Wednesday, October 27, 2010

Book Review: Voltaire's Calligrapher by Pablo De Santis

Voltaire's CalligrapherVoltaire's Calligrapher by Pablo de Santis

My rating: 4 of 5 stars

“Voltaire’s Calligrapher,” is an owlish historical novel, as well as part thriller. It is also a philosophical novel, full of adventure. Dalessius is a twenty year old calligrapher and archivist, who goes to work for the famous Voltaire. Mechanical writing is already on the scene, but the talent of the calligrapher is still needed in a world where invisible and poisonous varieties of ink still have place among enjoyable cat and mouse games, filled with conspiracies, individual manuscripts, libraries, and booksellers. He is raised by an uncle, who makes his living transporting corpses.

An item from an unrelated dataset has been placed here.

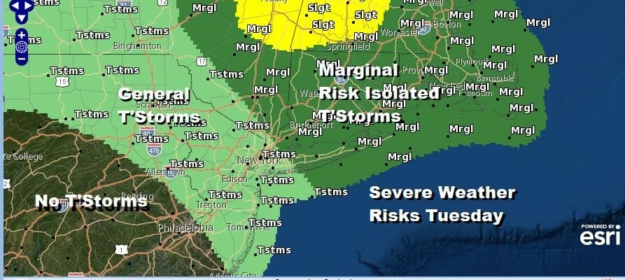 A cold front is moving through today and we had some overnight showers and thunderstorms play through. Now we wait for another round of showers and possible thunderstorms into this afternoon but the main area of development for severe weather will be from NYC and the Hudson Valley north and east with a marginal risk being indicated for Southern New England and Long Island to the Hudson Valley. General thunderstorms are possible as far south as Central NJ to Northeast Pennsylvania. No thunderstorms are forecast for Southeast Pa and points west and south.

But once in the services of Voltaire, Dalessius is set out as a spy to look into the case of the suspiciously condemned Jean Calas, but ends up in a web of far greater intrigue between the Dominicans and the Jesuits. At a deeper level, you could say, he finds himself in the middle of the intrinsic struggle between the mephitic remnants of the Dark Ages and its collateral ingredients. The stage is filled with life-like automatons, graveyards, executioners with their ingenious devices, huge homes where it easy to get lost, back alleys, bordellos, henchmen, and poisonous fish. How can you go wrong? The best part—it’s not too long. It is short, amusing, and very, very smart.